Мы ходили и на Красную площадь, здесь была масса народу. Все жадно слушали рассказы участников боев. Говорили, что за несколько дней было убито и ранено около 1500 человек. Рассказывали, как с 28 октября рабочие и солдаты осаждали Кремль, а уже 3 ноября полностью очистили его от юнкеров и офицеров.
8 ноября сотни рабочих приступили к рытью братских могил на Красной площади, у самой Кремлевской стены, для солдат и красногвардейцев, павших 28 октября - 3 ноября. На похороны, организованные московским Военно-революционным комитетом, рабочие шли районными колоннами. Несли десятки белых и красных гробов. 8 ноября 1917 года (по старому стилю) вышел "Московский листок". Вот что писала тогда эта бульварная, реакционная газета:
"Москва пережила ужасы: семидневный обстрел, убийство мирного населения и юнцов, расстрел памятников старины и искусства".
На 19 - 21 ноября были назначены выборы в Учредительное собрание. Напротив нашей гимназии стены Спасских казарм, так же, впрочем, как и другие московские стены, густо заклеены избирательными воззваниями и плакатами.
Мне запомнились белые листки с надписью красным шрифтом: "Голосуйте за список No 5 большевиков!"
Постепенно в городе налаживалась торговля. В "Московском листке" от 24 ноября было объявлено, что по карточкам выдаются:
по 14-му купону - 2 яйца (24 коп. за штуку),
по 26-му купону - 1 кг сельди (1 р. 25 к. ),
по 6-му купону - 1/2 фунта масла (4 руб. за фунт).
Постепенно все входило в норму. Начались занятия в школах. К всеобщей радости учеников, ввели правописание по новой орфографии.
Взрослые трудились в советских учреждениях, на фабриках и заводах. Работали театры и кино. Устраивались концерты и лекции.
И при всем том, однако, жизнь в Москве была очень трудная. Холод и голод в буквальном смысле слова донимали москвичей. Все привыкли к печкам-буржуйкам с железными трубами, выведенными в форточку, к примитивным керосиновым и масляным коптилкам вместо электрического освещения, к сахарину вместо сахара и полуфунту хлеба на человека в день.
В нашей семье, так же как и у всех, было и холодно, и голодно.

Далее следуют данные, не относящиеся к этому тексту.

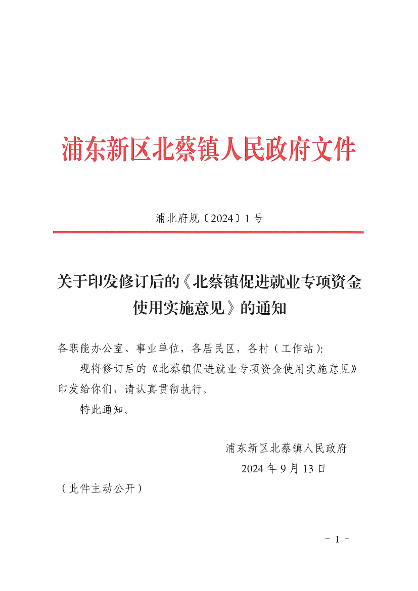 關(guān)于印發(fā)修訂后的《北蔡鎮(zhèn)促進(jìn)就業(yè)專(zhuān)項(xiàng)資金使用實(shí)施意見(jiàn)》的通知

Из трехкомнатной квартиры мы все перебрались в одну комнату, где стояла печка-буржуйка, которую топили чем попало, и даже обломками старой мебели. Из дома вечером на улицу лучше не показываться: кругом неспокойно. На ночь все входы и выходы накрепко запирались. В подъездах дежурили члены домкома. Домком был как бы верховной властью нашего маленького дома-крепости.
Хлеба выдавали так мало и такого качества, что приходилось добывать хоть какое-то продовольствие, используя всякие возможности. Хлеб на жителей всего дома по уполномочию домкома получал хозяин шорной мастерской Федор Николаевич Лабазнов, честный и добрый человек. В шорную мастерскую, по стенам которой были развешаны хомуты и всевозможная конская сбруя, мы ходили за причитающимся хлебным пайком.